Characters: Two-Face, T.E. Lawrence, Tony Stark and who knows. It could even be... you!
Rating: PG-13?
Time Period: Modern
Location: Castle, Sitting Room
Relative Date: after
getting knocked out and tied up by Jack (yes, yes, i know), and well after Jack and Reinette have left the sitting room.
Status: Fin!
Two-Face didn't like sleep much. Very occasionally the sedatives they forced into him at Arkham would open up a pit of blackness that he'd willingly fall into, there being nothing to remain conscious for in a life like this. But most of the time they didn't do the job, or worse, the combination of drug dosages would create nightmarish dreamscapes, jumbles of nonsensical and disturbing perversions of reality he'd have to fumble his way through, clawing desperately, until he woke up.
Most of his dreams were, strangely enough, not about her, or the accident, or even the Joker. They were about the Batman. Gordon. Harvey's days in Internal Affairs. The nurses at Arkham who refused to look at him. Ramirez. And his father.
It was his father now who sat in a chair directly across from him, endlessly flipping a coin. His face was entirely in shadow, but Two-Face knew it was him, the way you could only know in dreams. The coin caught the light at just the right moments, like a fish jetting just under the surface of the water, back and forth. Mesmerizing him. Two-Face looked down at his own hands then, realizing he was holding something. His hands were a child's clutching a comic book that was dogeared and torn-- Donald Duck flipping his own coin, making his own choices. "Life is but a gamble. Let flipism chart your ramble!"
As he read the words his father leaned forward slightly, just enough into the light that Harvey (for he was truly Harvey again, now) could see that half of his face was gone. Not burned, not torn away, not disfigured. Just black nothingness, the alien chill of empty space, and it was his own face now. Harvey screamed.

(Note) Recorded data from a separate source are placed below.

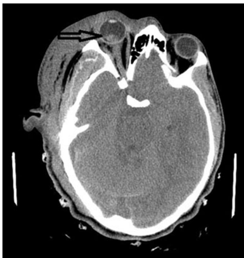
Fig. 3 Axial noncontrast CT image demonstrates worsening intraocular hemorrhage in conjunction with partially visualized worsening global cerebral edema and subarachnoid and subdural hemorrhage

bilaterality observed in 43–67 % of cases [1–6]. In a recent large prospective series from 2008, Fountas et al. found Terson hemorrhage in 12.1 % of their 174 postaneurysmal subarachnoid hemorrhage patients [1].
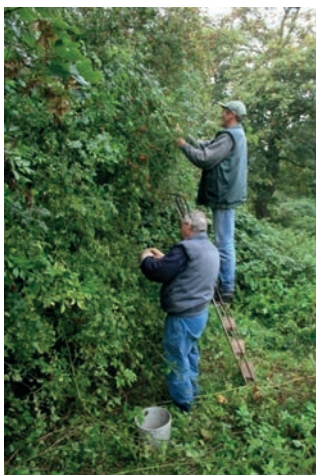
Photograph: Harvest of indigenous seeds. (© RLH)
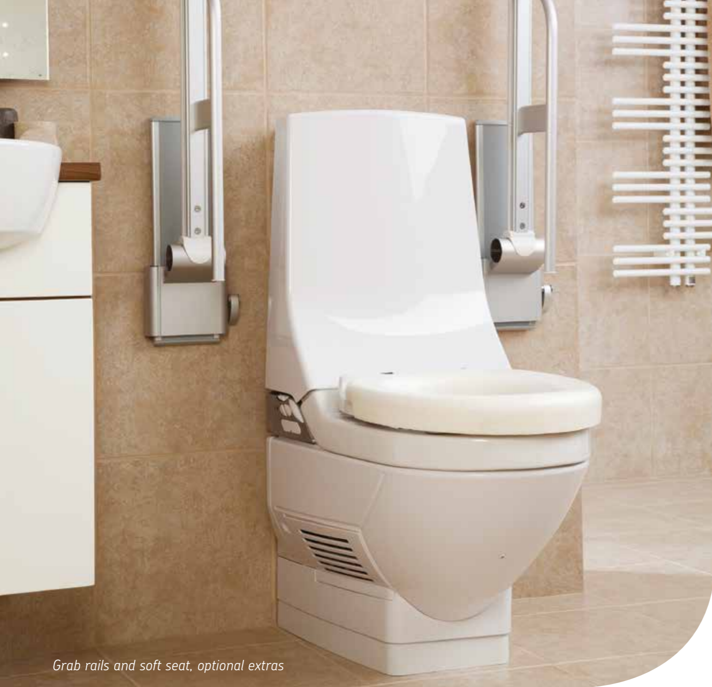
Grab rails and soft seat, optional extras

Two-Face woke abruptly, kicking out at nothing. The pain was almost excruciating, and he tried to bring his hands up to his face several times before it sunk in that some bastard had tied them behind his back. That ruled out getting to his medications. Great. He leaned back, stunned, trying to get his bearings. His bad eye was almost completely blind now, and itched like hell, but he was vaguely able to make out that he was no longer in the hall but some sort of parlor. Tied to, he was guessing, a couch. A hazy memory flooded back to him, of the encounter with Jack and the two women. His coin, gleaming in the darkness and just out of reach.
My coin.
"No," he muttered, suddenly truly panicked. "No, no, NO!" He struggled violently against whatever was holding him to the couch.